[Collected data]
------------------------------------------------

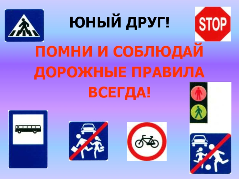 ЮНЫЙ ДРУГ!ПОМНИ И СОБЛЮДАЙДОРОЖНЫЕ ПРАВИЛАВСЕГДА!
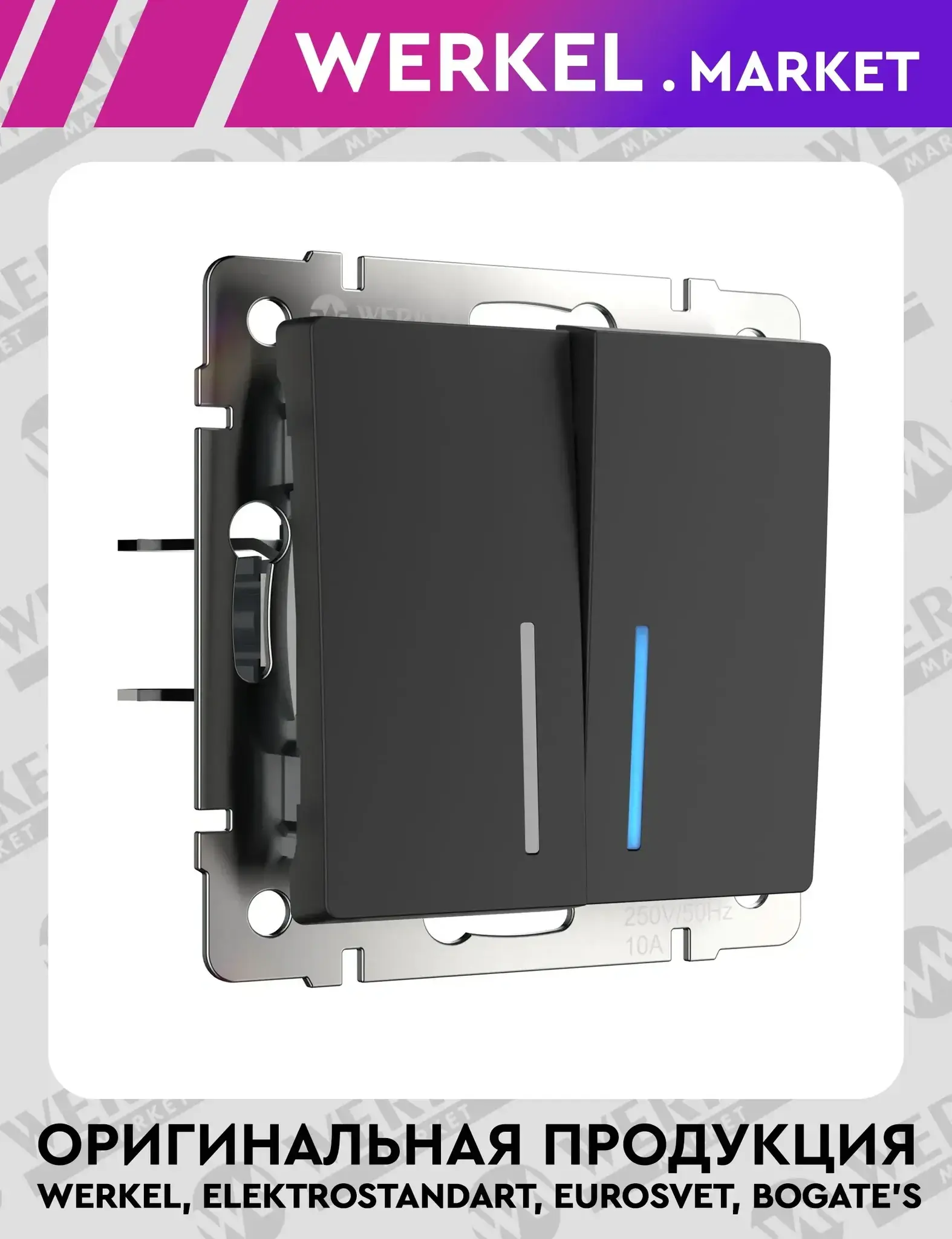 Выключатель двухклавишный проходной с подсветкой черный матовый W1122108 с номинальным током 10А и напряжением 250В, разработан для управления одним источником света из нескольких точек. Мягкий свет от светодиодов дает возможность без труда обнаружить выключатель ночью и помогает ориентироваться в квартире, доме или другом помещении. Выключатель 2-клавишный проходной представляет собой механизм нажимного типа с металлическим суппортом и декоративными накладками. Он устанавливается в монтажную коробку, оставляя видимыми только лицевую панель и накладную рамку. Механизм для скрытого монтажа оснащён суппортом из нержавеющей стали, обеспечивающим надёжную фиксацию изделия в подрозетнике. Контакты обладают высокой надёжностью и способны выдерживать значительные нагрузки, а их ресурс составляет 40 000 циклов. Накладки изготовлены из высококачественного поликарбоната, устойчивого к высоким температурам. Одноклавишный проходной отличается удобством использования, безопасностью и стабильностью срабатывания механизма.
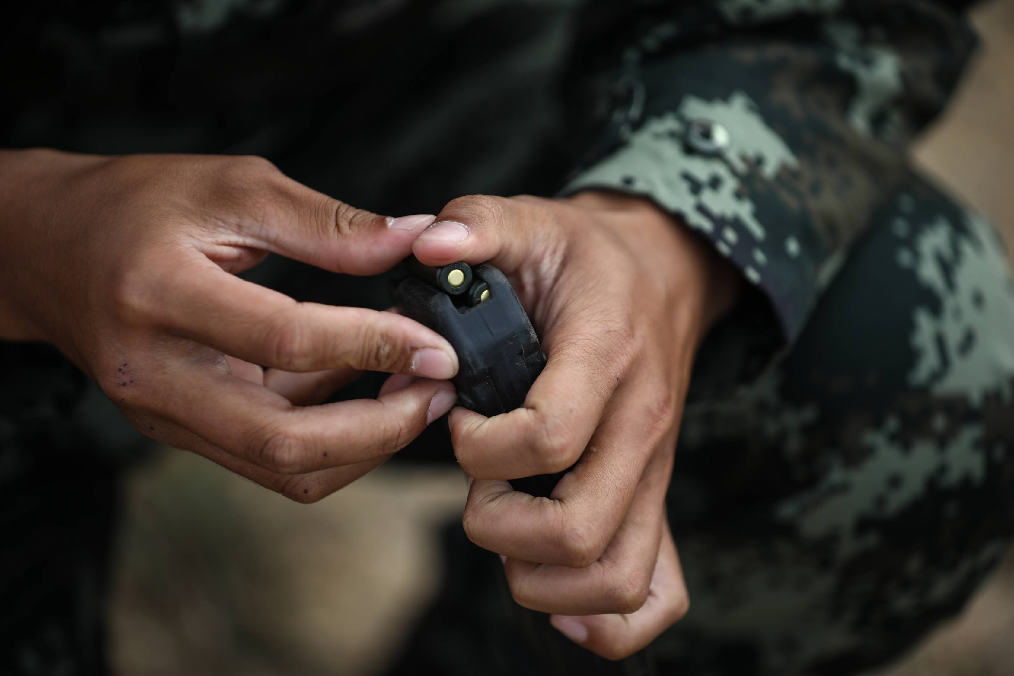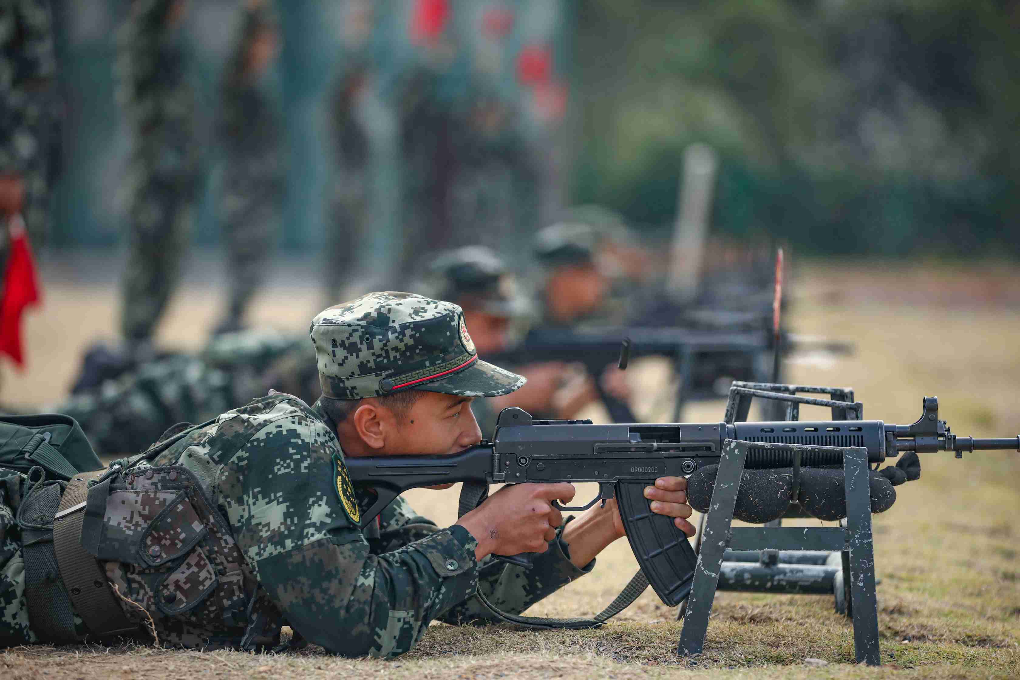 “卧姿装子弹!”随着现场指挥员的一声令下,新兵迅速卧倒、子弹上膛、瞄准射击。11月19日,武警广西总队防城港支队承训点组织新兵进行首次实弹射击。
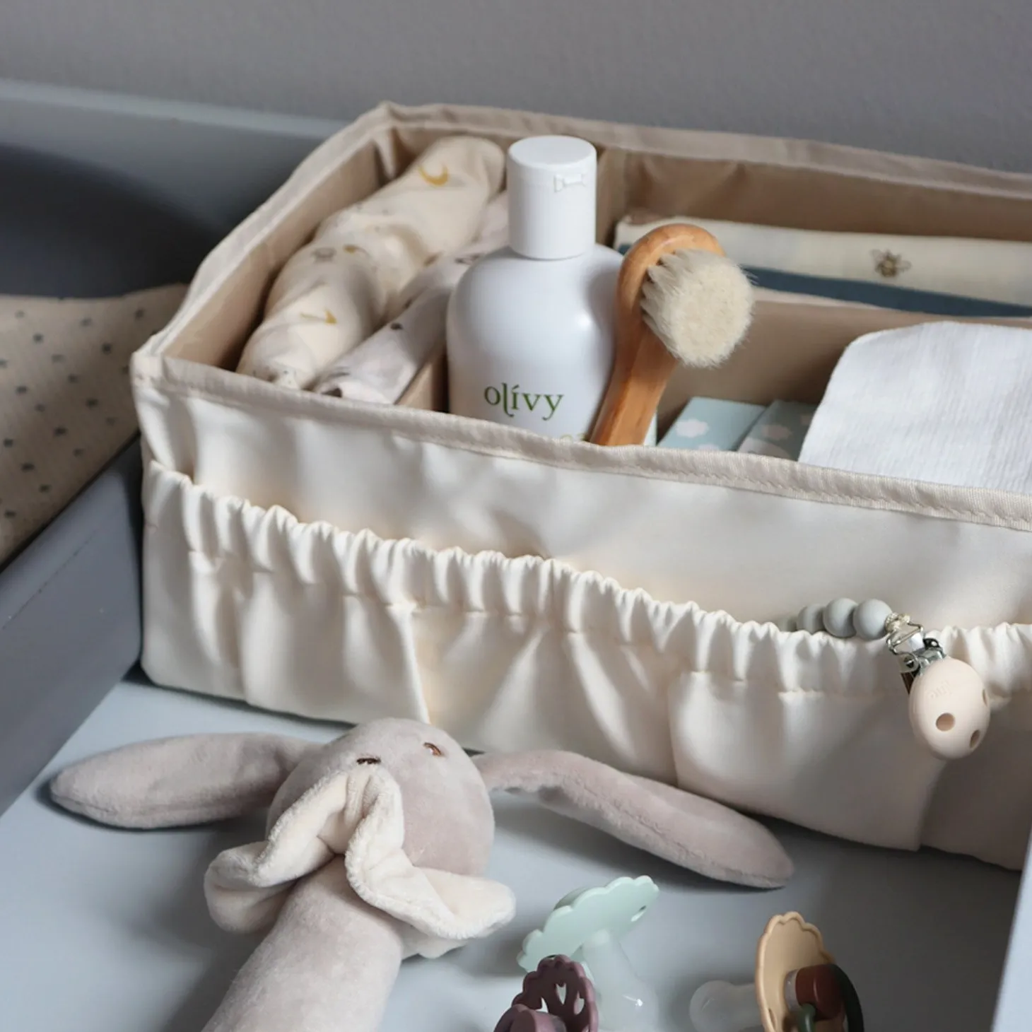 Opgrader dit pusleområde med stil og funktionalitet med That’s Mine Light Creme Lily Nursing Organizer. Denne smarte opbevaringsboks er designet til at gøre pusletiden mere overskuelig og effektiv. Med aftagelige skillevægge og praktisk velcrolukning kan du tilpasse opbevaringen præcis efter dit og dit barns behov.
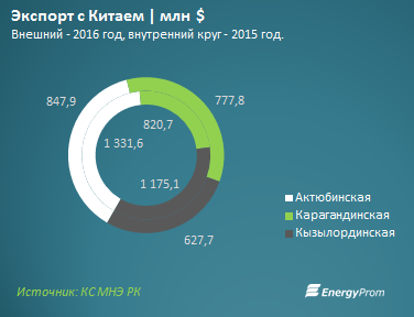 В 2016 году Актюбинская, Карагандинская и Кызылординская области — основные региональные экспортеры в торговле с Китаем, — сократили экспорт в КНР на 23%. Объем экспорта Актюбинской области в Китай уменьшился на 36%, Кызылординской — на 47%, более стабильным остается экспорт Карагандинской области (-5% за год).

------------------------------------------------

▶ [Exercise directions]:
Although the records contain pictures, your copy should hold only the text, reproduced exactly.

▶ [Answer to this task]:
 ЮНЫЙ ДРУГ!ПОМНИ И СОБЛЮДАЙДОРОЖНЫЕ ПРАВИЛАВСЕГДА!
 Выключатель двухклавишный проходной с подсветкой черный матовый W1122108 с номинальным током 10А и напряжением 250В, разработан для управления одним источником света из нескольких точек. Мягкий свет от светодиодов дает возможность без труда обнаружить выключатель ночью и помогает ориентироваться в квартире, доме или другом помещении. Выключатель 2-клавишный проходной представляет собой механизм нажимного типа с металлическим суппортом и декоративными накладками. Он устанавливается в монтажную коробку, оставляя видимыми только лицевую панель и накладную рамку. Механизм для скрытого монтажа оснащён суппортом из нержавеющей стали, обеспечивающим надёжную фиксацию изделия в подрозетнике. Контакты обладают высокой надёжностью и способны выдерживать значительные нагрузки, а их ресурс составляет 40 000 циклов. Накладки изготовлены из высококачественного поликарбоната, устойчивого к высоким температурам. Одноклавишный проходной отличается удобством использования, безопасностью и стабильностью срабатывания механизма.
 “卧姿装子弹!”随着现场指挥员的一声令下,新兵迅速卧倒、子弹上膛、瞄准射击。11月19日,武警广西总队防城港支队承训点组织新兵进行首次实弹射击。
 Opgrader dit pusleområde med stil og funktionalitet med That’s Mine Light Creme Lily Nursing Organizer. Denne smarte opbevaringsboks er designet til at gøre pusletiden mere overskuelig og effektiv. Med aftagelige skillevægge og praktisk velcrolukning kan du tilpasse opbevaringen præcis efter dit og dit barns behov.
 В 2016 году Актюбинская, Карагандинская и Кызылординская области — основные региональные экспортеры в торговле с Китаем, — сократили экспорт в КНР на 23%. Объем экспорта Актюбинской области в Китай уменьшился на 36%, Кызылординской — на 47%, более стабильным остается экспорт Карагандинской области (-5% за год).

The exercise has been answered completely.